Why let mining companies rip up public land like it’s 1872? – by Tim Palmer and Char Miler (Los Angeles Times – April 12, 2019)

https://www.latimes.com/

Photographer and writer Tim Palmer is the author of 19 books about rivers, including “Field Guide to California Rivers.” Char Miller teaches environmental history at Pomona College and is author of “Not So Golden State: Sustainability vs. the California Dream.”

What if communications today were governed by a law passed before the telephone was invented? Or if transportation were guided by federal policy made before there were cars?

That’s exactly the type of anachronism in play regarding America’s key law governing the extraction of hard-rock minerals, such as gold, silver and copper, on public land.
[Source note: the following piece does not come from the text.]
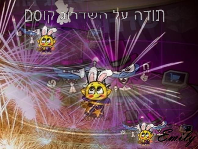 אומנם אין לי את השדרוג אבל אני מודה בכל זאת כי אני נהנת מכל הקסמים שמכשפים אותי ואת החברים שלי אז תודה צוות מיקמק באמת תודה רבה(:

The Mining Act of 1872, which President Ulysses S. Grant signed, still sanctions destructive practices on what amounts to one-third of the country’s acreage and 46% of California’s.

It can create toxic plumes and moonscape rubble in national forests, national monuments and Bureau of Land Management holdings that many regard as their favorite places on Earth. That’s one reason why pressure is mounting to change this antiquated 19th century legislation.

Congress passed the Mining Act when sourdoughs were swinging pickaxes, and it remains largely intact even though grizzled prospectors chipping away at their claims have been replaced by equipment six stories tall that can decapitate a mountaintop in a few days.

Regulations that govern “resource extraction” in the form of gravel pits, coal mines and oil and gas wells have been updated, and mining has been effectively stopped in national parks, but no such changes have occurred for hard-rock mining on other public lands. Instead, the 1872 law binds us to mistakes that have been clear for years.